Les recettes de la taxe sur les carburants en France chutent de 80 millions d'euros alors que la flambée des prix réduit la consommation
Les recettes de la taxe sur les carburants en France ont chuté de plus de 80 millions d'euros au premier semestre 2026 par rapport à la même période de l'année précédente, alors que la flambée des prix provoquée par la guerre au Moyen-Orient a réduit la consommation, a annoncé lundi le gouvernement.
Baisse des recettes annoncée
Les recettes de la taxe sur les carburants en France ont chuté de plus de 80 millions d'euros au cours des six premiers mois de 2026 par rapport à la même période en 2025, a déclaré lundi le ministre des Comptes publics, David Amiel, sur RTL. Cette baisse intervient malgré une augmentation du prélèvement par litre après la flambée des prix des carburants consécutive au déclenchement de la guerre au Moyen-Orient le 28 février. Amiel a souligné que la hausse des prix ne s'était pas traduite par une aubaine pour l'État, car les consommateurs ont fortement réduit leurs achats de carburant.
Heureusement que nous n'avons pas écouté ceux qui nous disaient « utilisez cette aubaine pour financer des aides » car il n'y a pas eu d'aubaine.
Flambée des prix et changement de comportement
Le diesel s'affichait à 1,72 € le litre le 27 février, veille des frappes israélo-américaines sur l'Iran qui ont fait bondir le prix du pétrole brut. Au plus fort de la crise, le diesel a atteint près de 2,40 € le litre, soit une hausse de près de 40 %. L'essence a également augmenté, mais dans une moindre mesure. En réaction, les ménages français ont réduit leurs déplacements en voiture. Le ministre de l'Économie, Roland Lescure, a rapporté fin mai que la consommation de carburant avait chuté de 14 % entre le 1er et le 20 mai par rapport à la même période de l'année précédente.
Les Français roulent un peu moins, ils font du covoiturage, peut-être font-ils un peu plus de télétravail.

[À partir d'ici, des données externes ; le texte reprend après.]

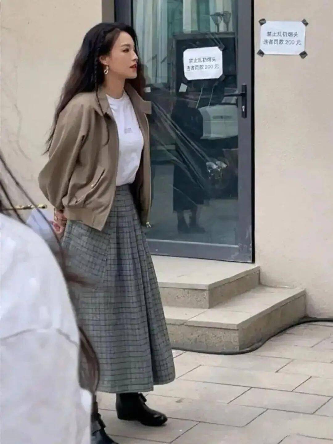 夹克外套在秋天非常实用,直接叠穿在T恤外面,再搭配一条复古感的格纹半裙,秒变“复古摩登女郎”。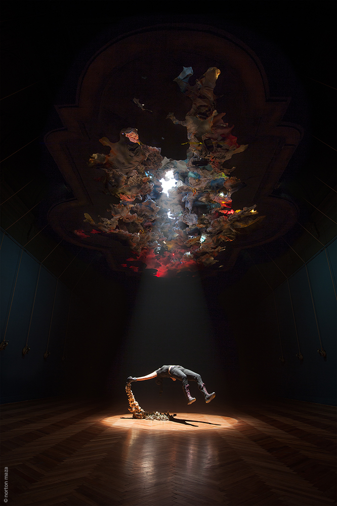 Trabajar con un referente del arte contemporáneo nacional como Norton Maza ha sido una experiencia increíble, ser su productor técnico no solo me ha acercado a colaborar con su obra llamada «El Rapto» sino también a forjar lazos de amistad para potenciarse mutuamente. Si bien El Rapto es de total autoría de Norton, la colaboración me ha servido para incrementar mi nivel técnico y creativo, el cual se ve reflejado en su propia obra, y esto es súper significante para mí.

Aides gouvernementales et examen parlementaire
Le gouvernement a annoncé des aides ciblées pour les gros rouleurs et le secteur du transport routier au plus fort des prix. Début juin, des parlementaires ont lancé une mission flash pour évaluer l'impact de la flambée des prix à la pompe sur les finances publiques et identifier les profiteurs. Certains députés ont pointé la hausse des marges brutes des compagnies pétrolières. Le député LR Antoine Vermorel-Marques a appelé à une commission d'enquête pour déterminer si des gains excessifs pourraient être récupérés dans le budget 2027.
Quand on regarde les rapports, on constate que les marges brutes ont augmenté. S'il y a des profiteurs, ils doivent savoir qu'ils devront rendre des comptes dans le budget 2027.
Recul du marché pétrolier et prix à la pompe
Les prix du pétrole brut ont fortement chuté depuis la signature d'un accord entre les États-Unis et l'Iran à la mi-juin, le Brent s'échangeant autour de 70 dollars le baril, proche de son niveau d'avant-guerre. Les prix à la pompe ont suivi, mais restent en moyenne 10 % plus élevés que le 27 février. L'accalmie partielle n'a pas encore inversé les habitudes de consommation qui ont pesé sur les recettes fiscales.
- Diesel à 1,72 €/litre ; dernier jour avant la flambée des prix.
- Flambée des prix des carburants après les frappes israélo-américaines sur l'Iran.
- La consommation de carburant chute de 14 % par rapport à l'année précédente.
- Le gouvernement annonce des aides ciblées pour les gros rouleurs et le transport routier.
- Mission flash parlementaire lancée pour examiner l'impact des prix des carburants.
- Accord entre les États-Unis et l'Iran signé ; le pétrole brut chute à environ 70 $/baril.
- Le ministre Amiel fait état d'une baisse de 80 millions d'euros des recettes de la taxe sur les carburants au premier semestre 2026.
Alerte budgétaire et prochaines étapes
Amiel s'exprimait avant une réunion du comité d'alerte sur les finances publiques, où le gouvernement examinera la croissance et les dépenses. Il a indiqué que la séance définirait une « orientation » plutôt que de nouvelles mesures, l'exécitif visant à maintenir le déficit à 5 % du PIB. Le manque à gagner lié à la taxe sur les carburants ajoute une pression sur un budget déjà sous tension.
Demain, nous n'allons pas annoncer de mesures, nous allons annoncer une orientation.